锋利的精钢割裂皮肉,鲜血顺着指缝滴答坠落,砸在洁白的雪地上,洇开朵朵红梅。裴知晦笑了,笑得露出森森白牙,宛如从阿鼻地狱爬出的恶鬼。
“大盛百年基业?”裴知晦声音沙哑,喉咙里伴随着破风箱般的拉锯声,“赵世子,你看看这饿殍遍野的京城。你看看顺天府门前堆积如山的尸体。”
他握着剑刃,硬生生将赵祁艳的剑往下压。
“为了一个只知嗑药、残暴不仁的昏君,让天下人陪葬。这就是你的忠诚?”裴知晦逼视着赵祁艳,“你护的不是天下,是那个坐在龙椅上的疯子。你手里的剑,沾的是黎民百姓的血。”
字字诛心。
赵祁艳握剑的手抖了一下。他出身勋贵,自幼饱读诗书,满脑子精忠报国。可这几天,他巡视内城,亲眼看着百姓易子而食,看着顺天府尹悬梁自尽。
皇帝在做什么?
皇帝在吃九转紫金丹,在下令杀人。
信仰的崩塌,往往只需一个裂缝。
有趣的是,这位世子爷满脑子家国大义,却忘了饿肚子的大头兵是不认圣旨的。
同一时间,裴府主院密室。
沈琼琚拨弄着算盘,头也不抬。“蘅娘,传信给城西粮仓的暗桩。御林军的过冬口粮,一把火烧了。再让黑市的人去御林军大营外喊话,就说皇上要把最后一点糙米全送去北境给傅川昂。”
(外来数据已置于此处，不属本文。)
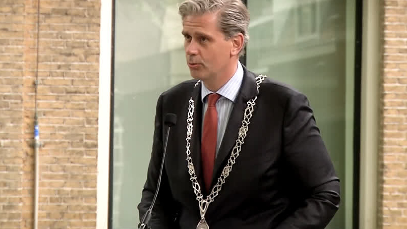 Burgemeester Wouter Kolff van Dordrecht was een van de sprekers tijdens de Keti Koti herdenking, waa...
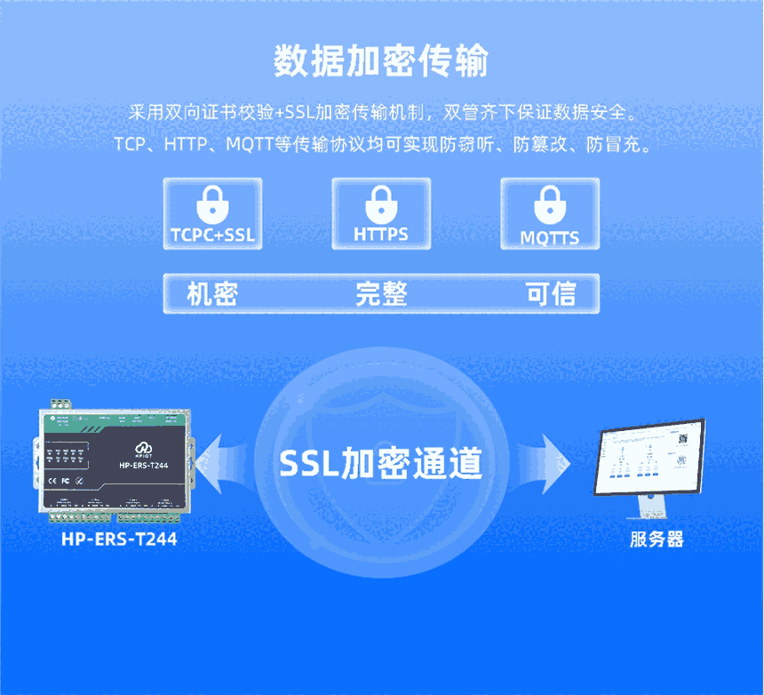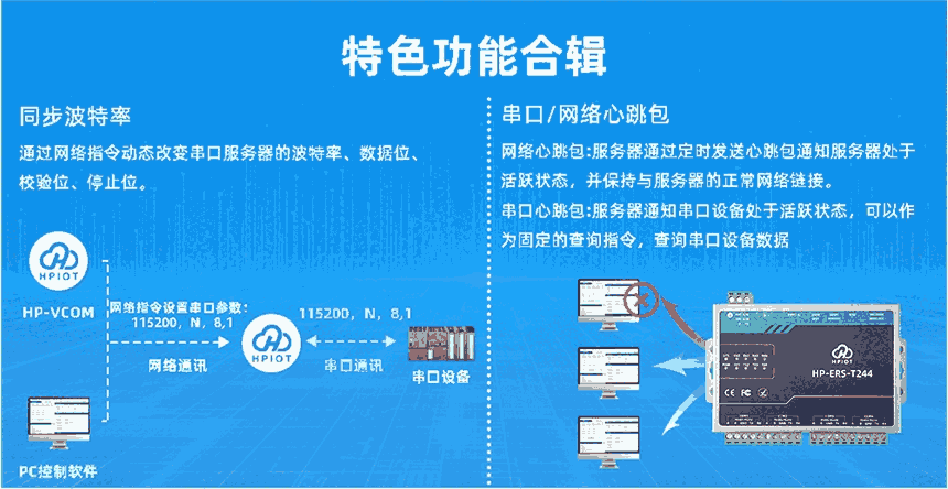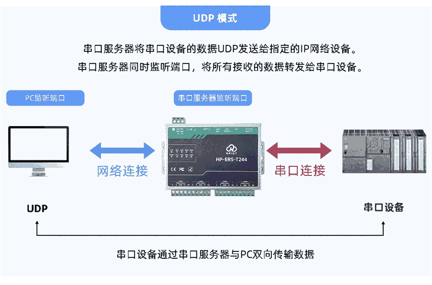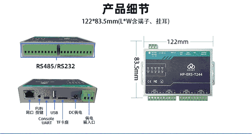 HP-ERS-T244四串口服务器用于实现串口到以太网口的数据的双向透明传输。用户无需关心具体细节,服务器内部完成协议转换。串口一侧实现串口数据的透明传输,以太网口一侧则是TCP/IP数据包,通过简单设置即可**工作细节,四个串口相互独立。可以通过服务器内部的网页进行,也可以通过设置软件进行设置,一次设置永久保存。采用Cortex-M7方案,主频高达400MHz,性能更强,传输速度更快,可靠性更高。搭载深度优化的TCP/IP协议栈。双重看门狗和多种保活机制助力设备稳定运行。支持TCP Client、TCP Server、UDP Client、UDP Server、Httpd Client五种工作模式,简单配置即可实现数据透传功能。
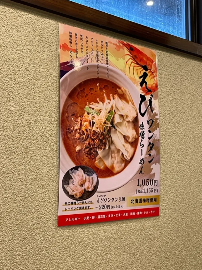 A sip of the Ebi Wonton Miso Ramen (えびワンタン味噌らーめん) reveals a perfect harmony between shrimp umami and miso depth. The soup is thick yet never overpowering, coating the noodles just enough to carry the flavor in every mouthful. The shrimp wontons pop with rich, compacted sweetness—an explosion of seafood essence in each bite.
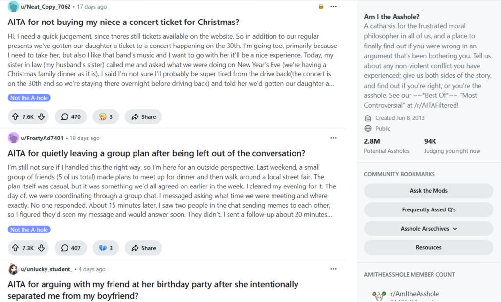 AITA is formatted around social dilemmas. The original poster shares a narrative describing a personal conflict they cannot get closure on – whether that is with family, friends, or colleagues – and asks strangers to judge whether they acted appropriately. Commenters will then typically respond with standard verdicts:
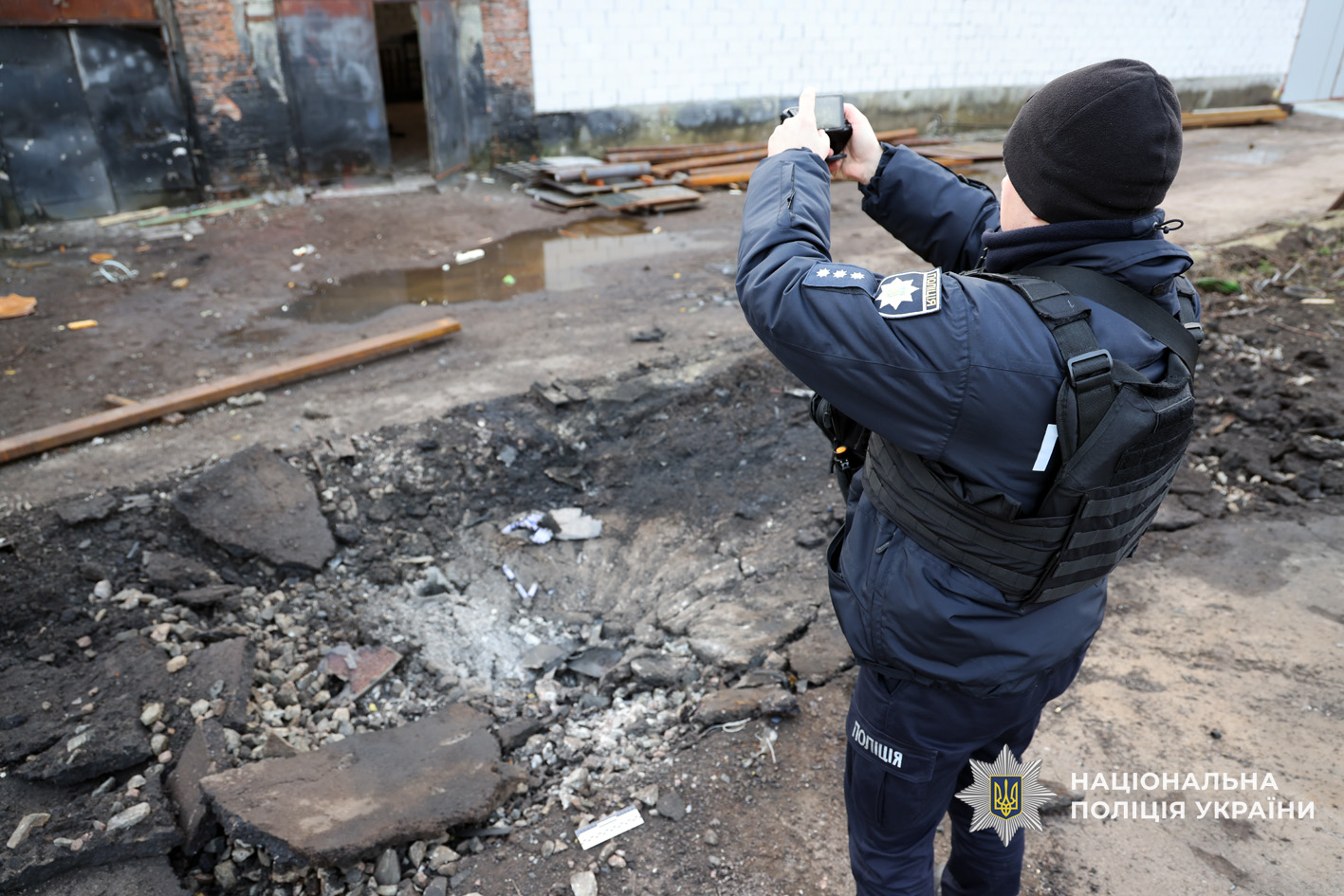 Поліцейські фіксують наслідки атаки та збирають докази чергового воєнного злочину окупантів.
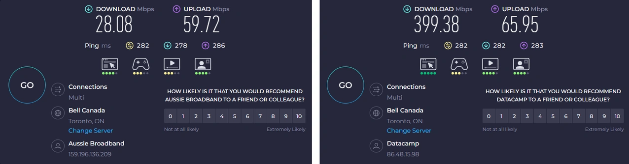 The Baseline (VPN OFF): Measures the true speed of my ISP’s “public road.”

杜蘅娘吹燃火折子,点燃信鸽腿上的竹筒引线。“你这招釜底抽薪够绝。当兵的吃不饱饭,哗变是迟早的事。”
“人饿急了,连亲儿子都吃,何况是皇帝老儿。”沈琼琚冷嗤。
西华门夹道内,对峙仍在继续。
赵祁艳的动摇只在瞬息,他猛咬舌尖,试图稳住心神。“巧言令色!你为了一己私欲……”
“报——!”
一名御林军小旗连滚带爬地冲进夹道,头盔跑丢了,满脸惊惶。“世子!不好了!城西大营走水,粮草烧了个干净!兄弟们听说皇上要断粮,营啸了!现在全乱套了,正往皇城冲呢!”
赵祁艳如遭雷击,整个人僵在马背上。
营啸。这两个字对于带兵的将领来说,无异于灭顶之灾。
就在他分神的刹那。
裴安如鬼魅般从红墙上方跃下。没有任何花哨的动作,一记手刀精准劈在赵祁艳后颈。
赵祁艳两眼一翻,软绵绵地从马背上栽落。
“绑了。”裴知晦松开满是鲜血的右手,从袖中掏出一方素帕,慢条斯理地擦拭着伤口,“留活口。押回地窖。”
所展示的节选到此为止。